To probe value-based recall of affective memories, after the training days, we asked participants to make decisions in a two-option forced-choice (TOFC) preference task in which various combinations of the abstract shapes they had learned about were paired with each other (i.e. on the last 2 days of the lab-based study, and the last day of the online study). Although no explicit feedback was given to participants in the preference test, they continued to accumulate money based on the reward probability of the chosen shape (i.e. 90% chance of winning 2p if the participant selects the shape associated with 90% reward probability in the learning phase). In the preference tests accumulated money was calculated but not displayed on-screen to ensure that participants cannot use this information as a proxy for their decision performance which would otherwise contaminate preference choice behaviour with further learning.

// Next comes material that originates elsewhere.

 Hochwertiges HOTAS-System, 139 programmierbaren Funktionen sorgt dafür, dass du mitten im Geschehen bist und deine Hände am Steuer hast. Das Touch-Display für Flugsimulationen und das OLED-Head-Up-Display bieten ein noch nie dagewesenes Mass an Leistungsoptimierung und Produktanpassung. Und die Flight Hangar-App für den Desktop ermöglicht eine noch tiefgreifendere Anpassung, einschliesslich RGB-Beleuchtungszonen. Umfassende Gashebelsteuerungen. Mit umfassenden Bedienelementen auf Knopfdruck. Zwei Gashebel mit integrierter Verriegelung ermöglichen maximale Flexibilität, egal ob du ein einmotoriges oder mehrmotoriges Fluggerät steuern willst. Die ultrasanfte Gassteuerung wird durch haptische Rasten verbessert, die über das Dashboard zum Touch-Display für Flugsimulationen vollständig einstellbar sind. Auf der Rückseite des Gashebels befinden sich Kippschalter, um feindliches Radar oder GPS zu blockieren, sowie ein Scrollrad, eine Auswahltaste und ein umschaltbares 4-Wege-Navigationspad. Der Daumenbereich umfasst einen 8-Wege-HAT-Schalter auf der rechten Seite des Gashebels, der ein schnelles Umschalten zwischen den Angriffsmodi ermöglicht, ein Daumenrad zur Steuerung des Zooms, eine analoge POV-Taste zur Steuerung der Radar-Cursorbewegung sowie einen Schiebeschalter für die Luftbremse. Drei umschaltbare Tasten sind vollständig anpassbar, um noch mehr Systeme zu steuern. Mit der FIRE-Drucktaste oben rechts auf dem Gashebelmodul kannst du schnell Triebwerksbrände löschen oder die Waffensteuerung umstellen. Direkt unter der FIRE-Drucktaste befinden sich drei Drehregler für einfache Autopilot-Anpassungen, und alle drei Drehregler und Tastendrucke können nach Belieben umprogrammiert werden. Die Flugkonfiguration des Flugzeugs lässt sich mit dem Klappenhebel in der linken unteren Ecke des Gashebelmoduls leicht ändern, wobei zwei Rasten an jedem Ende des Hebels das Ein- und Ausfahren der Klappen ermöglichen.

In Study 2, testing sessions took place over 3 consecutive days and were delivered using an online platform (due to the global COVID-19 pandemic). We manipulated the reward probabilities in each RL block pre-and-post WoF in a balanced manner in order to investigate how discrete affective events influence human RL. Further details of experimental procedures and statistical analysis approach is written below. All tasks were presented on a laptop running MATLAB (MathWorks Inc) with Psychtoolbox (v3.1).
Training phase
In the lab-based study (Study 1) on each of the learning days, participants started with a baseline block (30 trials), followed by two more blocks (each 90 trials), with rest periods between the blocks. In the online study (Study 2), all blocks contained 40 trials each. The shapes in the RL tasks were selected from the Agathodaimon and Dingbat Cobogo fonts. During the RL blocks, participants were asked to learn the reward probabilities associated with each shape through trial and error. Participants were explicitly informed that on any given trial if one shape is rewarded the other one is not rewarded (such that the probabilities are p versus 1-p). A green frame appeared around the rewarded option to provide feedback on participant choice. For every correct choice made, participants collected 2 pence and they were asked to accumulate as much reward as possible. Participants started with £15 on day 1 and a running total at the bottom of the screen was updated at the start of each subsequent trial.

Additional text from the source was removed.